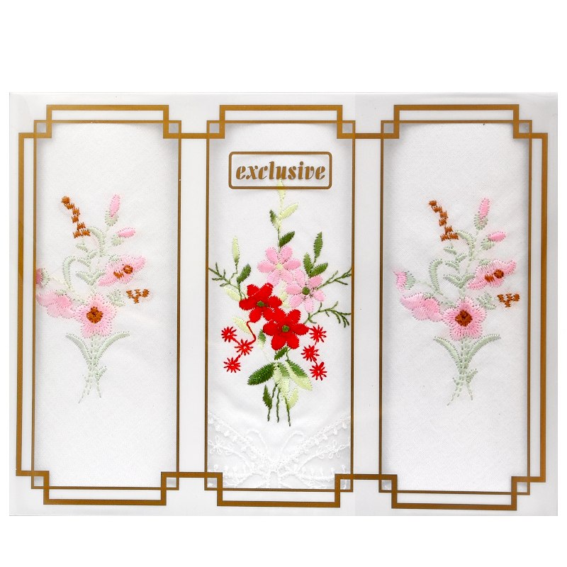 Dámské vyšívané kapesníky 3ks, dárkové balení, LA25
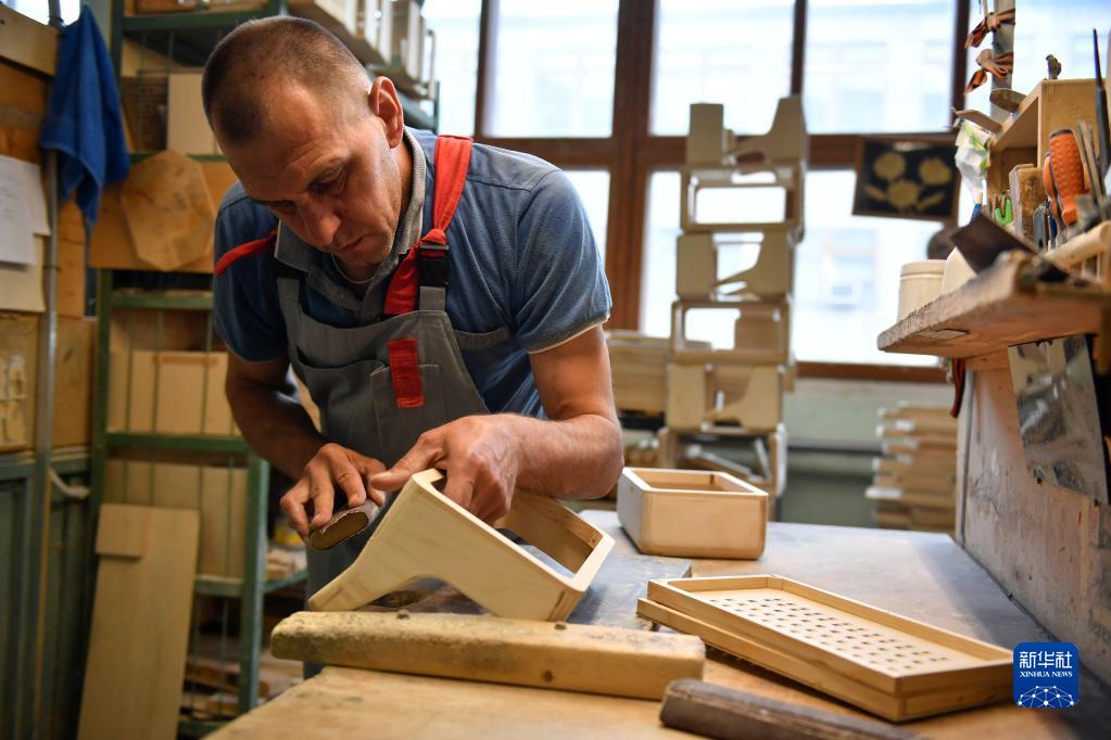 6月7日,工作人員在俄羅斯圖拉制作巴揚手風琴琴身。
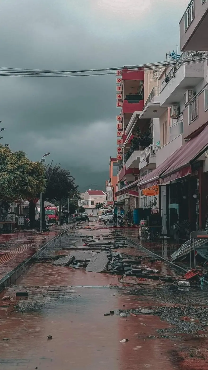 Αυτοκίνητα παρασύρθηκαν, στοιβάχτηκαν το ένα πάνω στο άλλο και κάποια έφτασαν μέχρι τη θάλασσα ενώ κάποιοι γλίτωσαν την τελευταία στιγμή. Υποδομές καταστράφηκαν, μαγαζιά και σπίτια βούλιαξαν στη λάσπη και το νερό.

* * *

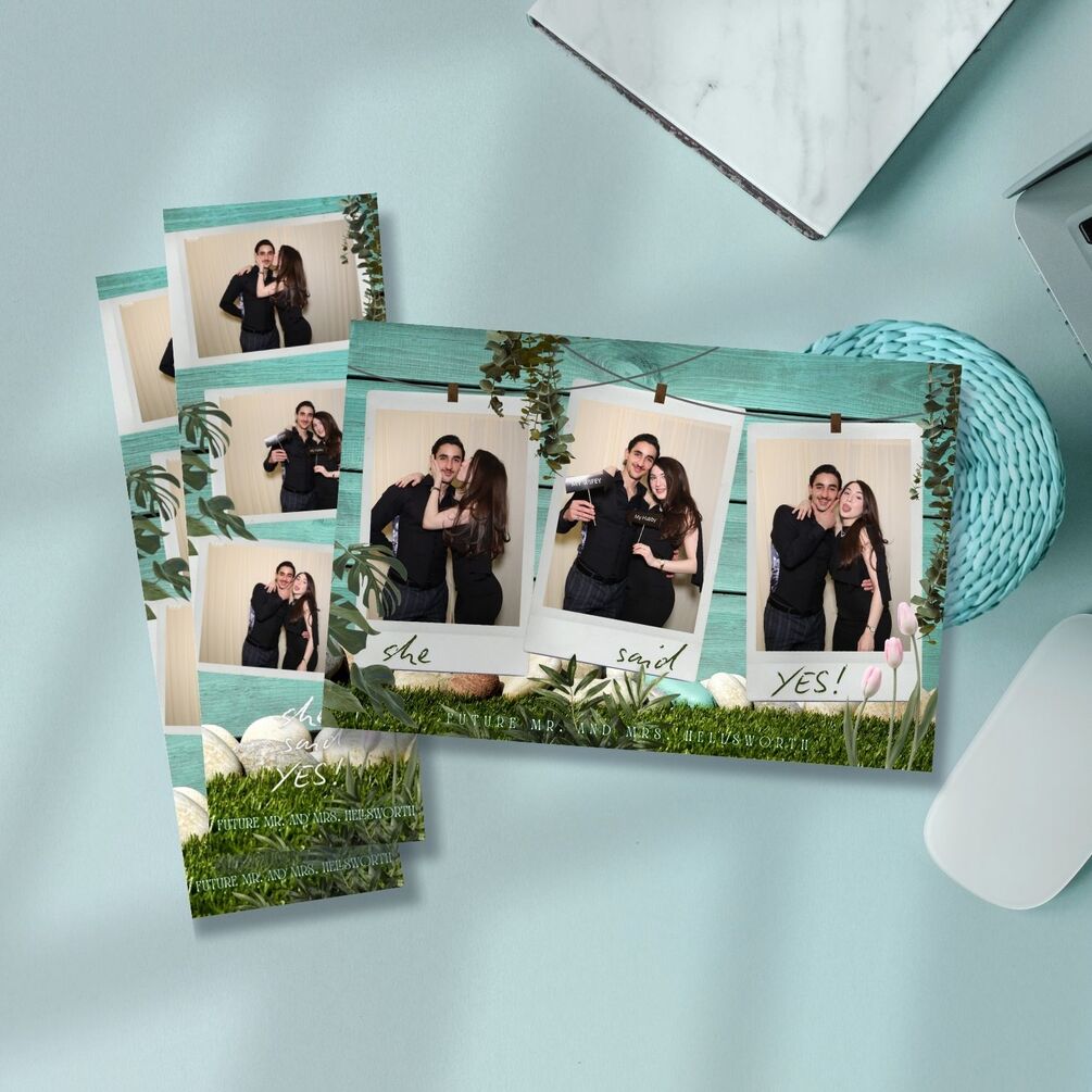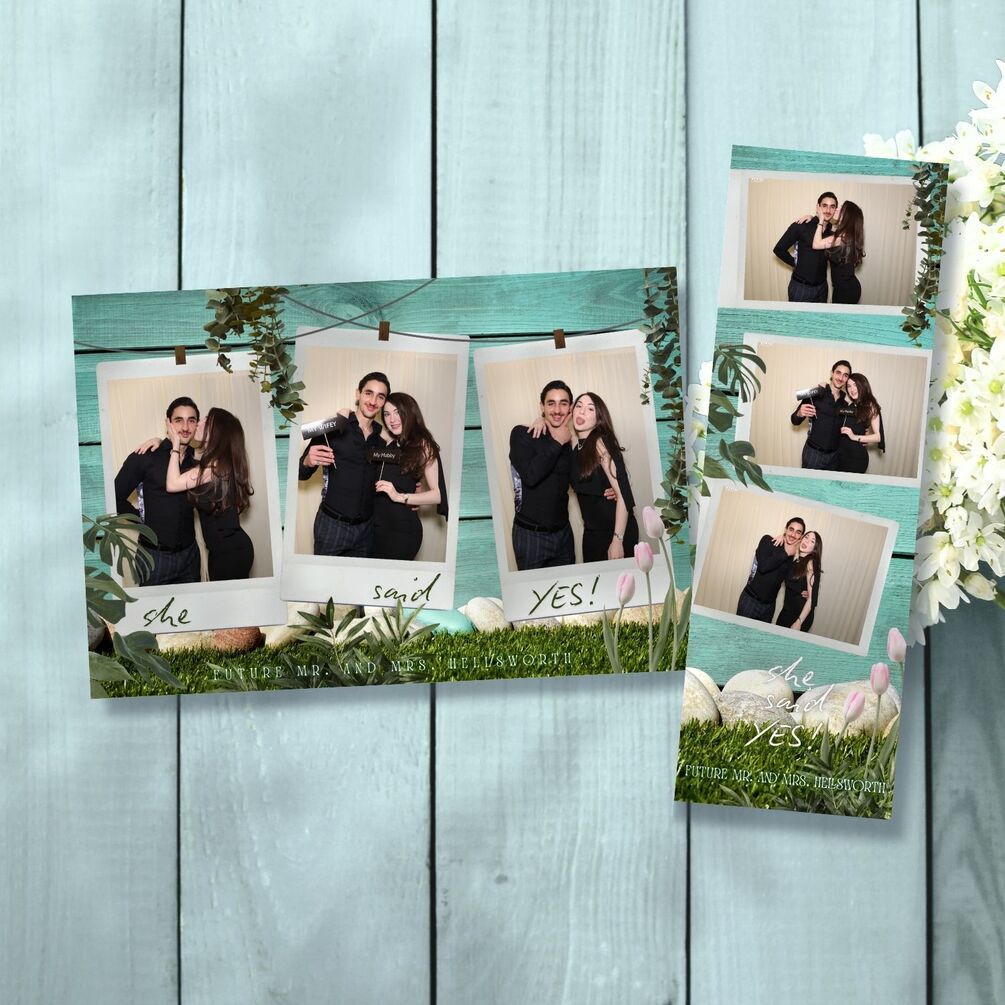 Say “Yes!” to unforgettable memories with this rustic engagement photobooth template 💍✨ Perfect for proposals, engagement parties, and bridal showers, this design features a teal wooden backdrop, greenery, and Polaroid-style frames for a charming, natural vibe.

# Exercise requirements
Working from the entries above, please transcribe only the lines from the line with "6月7日,工作人員在俄羅斯圖拉制作巴揚手風琴琴身。" through the line with "Αυτοκίνητα παρασύρθηκαν, στοιβάχτηκαν", exactly, with both end lines and without pictures.

# Task solution
 6月7日,工作人員在俄羅斯圖拉制作巴揚手風琴琴身。
 Αυτοκίνητα παρασύρθηκαν, στοιβάχτηκαν το ένα πάνω στο άλλο και κάποια έφτασαν μέχρι τη θάλασσα ενώ κάποιοι γλίτωσαν την τελευταία στιγμή. Υποδομές καταστράφηκαν, μαγαζιά και σπίτια βούλιαξαν στη λάσπη και το νερό.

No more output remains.